*** Opening of Given data ***

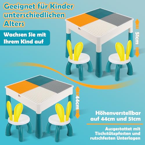Ansobea - Children's Table with 2 Chairs, Play Table Children with 251 Building Blocks, Multifunctional Activity Table from 2 Years with Storage Space, Creative Building Block Gaming Table Building
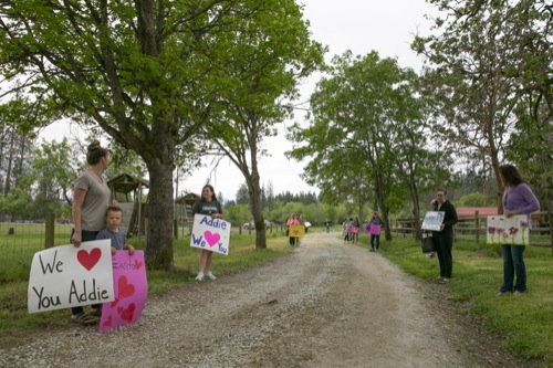 Friends and neighbors line the Kassab family's driveway in Hugo to wish them well before they leave for Seattle Children's Hospital on Saturday morning, April 25, 2020.
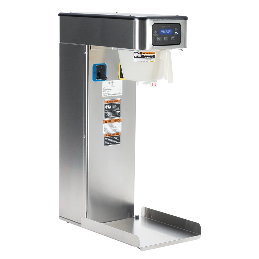 The Bunn Infusion Series ITB Dual Dilution Tea Brewer features a sleek modernized design, with rounded angles on the corners and trunk. The ITB dual dilution allows for two containers (sold separately) to be brewed from a single footprint.

*** Close of Given data ***

What to produce ->
Repeat the whole listing above word for word, but keep any picture out of it.

Result ->
Ansobea - Children's Table with 2 Chairs, Play Table Children with 251 Building Blocks, Multifunctional Activity Table from 2 Years with Storage Space, Creative Building Block Gaming Table Building
 Friends and neighbors line the Kassab family's driveway in Hugo to wish them well before they leave for Seattle Children's Hospital on Saturday morning, April 25, 2020.
 The Bunn Infusion Series ITB Dual Dilution Tea Brewer features a sleek modernized design, with rounded angles on the corners and trunk. The ITB dual dilution allows for two containers (sold separately) to be brewed from a single footprint.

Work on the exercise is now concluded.